Centre for Genomic Regulation (CRG), The Barcelona Institute of Science and Technology, Barcelona, Spain; Universitat Pompeu Fabra (UPF), Barcelona, Spain; Instituto de Investigaciones en Matemáticas Aplicadas y Sistemas, Universidad Nacional Autónoma de México, CDMX, Mexico.
Centro de Investigación en Matemáticas, AC (CIMAT), Guanajuato, Mexico.
Theor Popul Biol. 2023 Dec;154:94-101. doi: 10.1016/j.tpb.2023.09.002. Epub 2023 Sep 22.

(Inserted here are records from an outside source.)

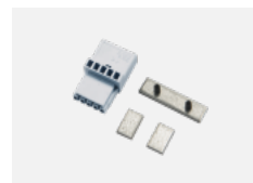
132-50200, F spoj přímý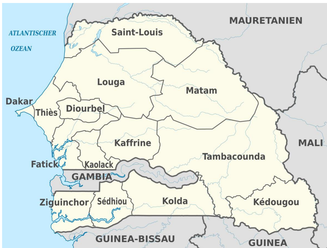
Mapa podziału administracyjnego Senegalu [9]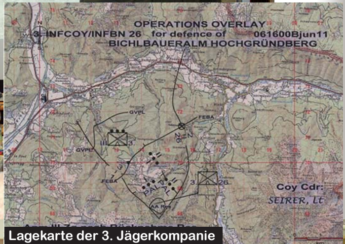
Lagekarte der 3. Jägerkompanie

sorgungseinrichtungen erzwungen. Plötzlich wird eine Seilbahn vom Tal auf das Hochplateau das zentrale Element der Versorgung.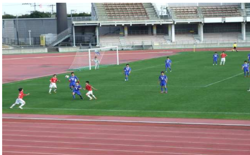
【千葉県中学校新人体育大会サッカー競技決勝 美浜中学校 対 こてはし台中学校】

また、生涯にわたる市民の多様な学習活動を支援するために、中長期的な視野に立った生涯学習施策を総合的、体系的に示す「浦安市生涯学習推進計画」を平成23年度中に策定します。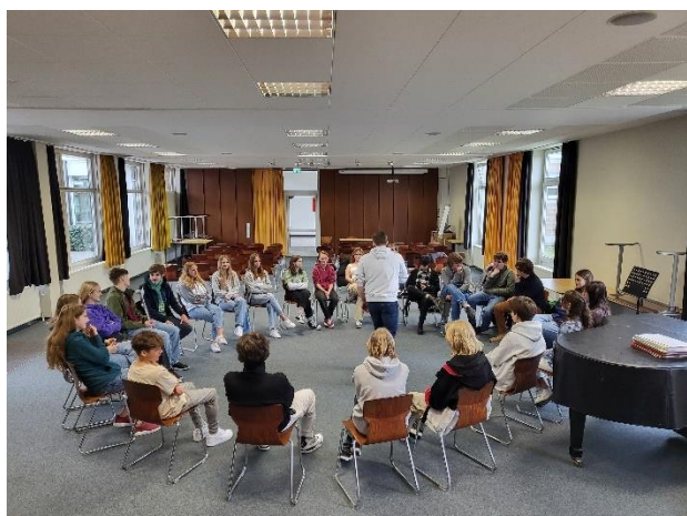
Mācību stunda - diskusija

Projekta norises laikā skolēni piedalījās ģimnāzijas mācību procesā, apskatīja Ksantenes pilsētu un rātsnamu, tikās ar pilsētas mēru, kā arī apmeklēja tuvējo pilsētu Āheni un tās elpu aizraujošo katedrāli. Vesela diena tika veltīta mācību ekskursijai uz Beļģijas galvaspilsētu Briseli, kurā skolēniem bija iespēja iepazīt vienu no Eiropas Parlamenta ēkām, kā arī apmeklēt EP sēžu zāli. Tajā pašā dienā skolēni devās uz Eiropas Parlamenta apmeklētāju centru "Parlamentarium", kas ir Eiropā lielākais parlamentārajai darbībai veltītais centrs. Tur skolēni uzzināja daudz dažādu interesantu faktu par Eiropas Savienību un ne tikai. Visa projekta laikā 11.klases skolēni grupās kopā ar Vācijas skolēniem cītīgi gatavojās projekta noslēdzošajai diskusijai par tēmu "Vācija un Latvija – kopīgās saknes un kopīgais mantojums Eiropā". Projekta noslēgumā tika aizvadīta veiksmīga diskusija. Pirms lidošanas prom skolēniem vēl bija iespēja iepazīt Ķelni un tās galveno apskates objektu – Ķelnes katedrāli. Projekta ieguvums ir starpkultūru pieredze, redzesloka paplašināšana, jauniegūtie draugi, kā arī svešvalodu, sociālo un komunikācijas prasmju pilnveide.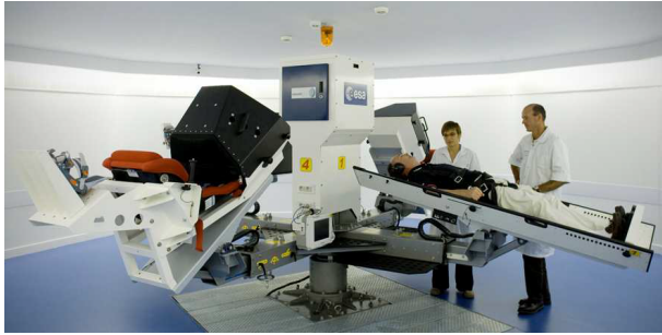
Centrifugeuse humaine développée par le CNRS / MEDES

Le paramétrage de la centrifugeuse est donnée ci dessous :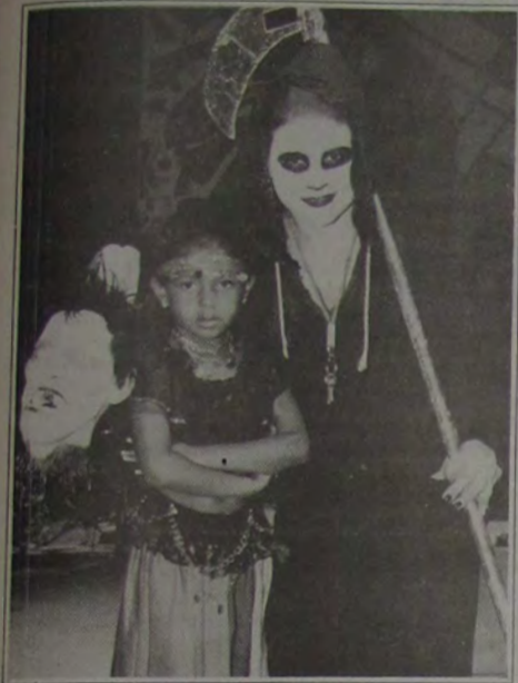
Vários concursos de fantasias vão ocorrer durante o tríduo momesco em Queimados.

Já estão abertas as inscrições para os interessados em montar suas barracas na Praça de Alimentação para o Carnaval de Queimados, que acontecerá no Espaço Cultural da cidade (antiga Praça dos Eucaliptos), a partir do dia 8 de fevereiro. A Praça de Alimentação, com cerca de 630m 2 está reservando um espaço para cerca de 60 barraqueiros. A taxa é de R$ 279,74 por uma barraca de 3x3m pelos quatro dias de evento. A inscrição pode ser feita no Departamento de Fiscalização da Prefeitura, na Rua Zelina Pinto, nº 36, centro, Queimados, de segunda a sexta-feira, das 8 às 17 horas.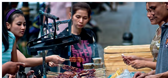
Traditionelle thailändische Speisen werden beim ersten Thai-Food-Gartenfestival vom Team der Pannee Thaimassage frisch zubereitet.

Abgerundet wird das Programm des Thai-Food-Gartenfestes durch thailändische Tanzdarbietungen und einigen Verkaufsständen. Beginn ist um 14.30 Uhr in Bad Fallingbostel, Kiefernweg 4.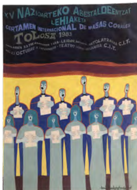
Tomás Hernández Mendizabal

En cuanto al servicio de consulta externa, se atendieron más de 80 consultas que generaron documentación y más de 50 solicitudes de reproducción de imágenes. La consulta y el servicio de documentación internos fueron especialmente exigentes a la hora de dar respuesta a las necesidades documentales de exposiciones celebradas en San Telmo con presencia de fondos propios. Igualmente, el cambio de las salas de arte vasco de la exposición permanente exigió un importante trabajo de documentación y control del movimiento de colecciones.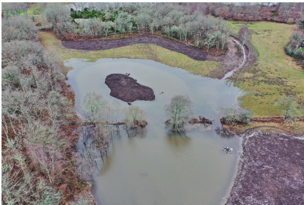
Den nya våtmarken på Brunnsvik som den ser ut när den fyllts upp till utloppets nivå.

Mycket av arbetet i våtmarksprogrammet består förberedelser för att identifiera nya våtmarkslägen, knyta kontakter med markägare, konsulter och reservatsförvaltare. När vi är överens med markägare skrivs kontrakt om utredning respektive anläggning av våtmark. Mycket av arbetet handlar därför om rådgivning.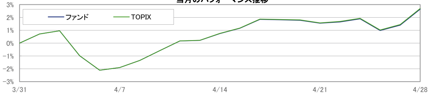
当月のパフォーマンス推移

※ 上記のグラフは過去のものであり、将来の運用成果を保証するものではありません。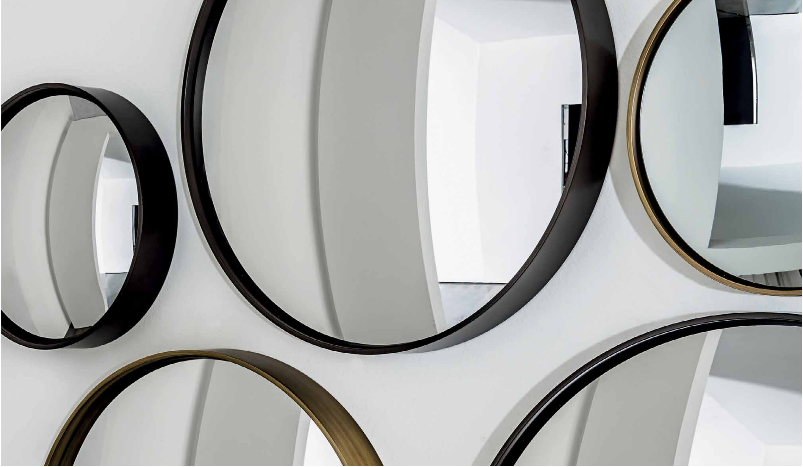
Sail mirrors composition.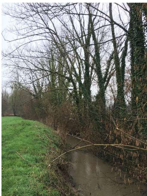
Avant travaux (Tronçon 2.CRI.2, parcelle N°80)

Multiple-merger coalescents, also known as Λ-coalescents, have been used to describe the genealogy of populations that have a skewed offspring distribution or that undergo strong selection. Inferring the characteristic measure Λ, which describes the rates of the multiple-merger events, is key to understand these processes. So far, most inference methods only work for some particular families of Λ-coalescents that are described by only one parameter, but not for more general models. This article is devoted to the construction of a non-parametric estimator of the density of Λ that is based on the observation at a single time of the so-called Site Frequency Spectrum (SFS), which describes the allelic frequencies in a present population sample. First, we produce estimates of the multiple-merger rates by solving a linear system, whose coefficients are obtained by appropriately subsampling the SFS. Then, we use a technique that aggregates the information extracted from the previous step through a kernel type of re-construction to give a non-parametric estimation of the measure Λ. We give a consistency result of this estimator under mild conditions on the behavior of Λ around 0. We also show some numerical examples of how our method performs.
多重合并 coalescents,也称为 Λ-coalescents,已被用于描述具有偏斜后代分布或经历强烈选择的群体的谱系。推断描述多重合并事件速率的特征度量 Λ 是理解这些过程的关键。到目前为止,大多数推断方法仅适用于由单个参数描述的某些特定的 Λ-coalescents 族,而不适用于更一般的模型。本文致力于构建基于所谓的单时间点位点频率谱 (SFS) 的 Λ 密度的非参数估计器,该谱描述了当前群体样本中的等位基因频率。首先,我们通过求解线性系统来产生多重合并速率的估计,其系数是通过适当的 SFS 抽样获得的。然后,我们使用一种通过核类型重建从前面步骤中提取信息的技术,对度量 Λ 进行非参数估计。我们在 Λ 围绕 0 的行为的一些温和条件下给出了这个估计器的一致性结果。我们还展示了一些数值示例,说明我们的方法的性能。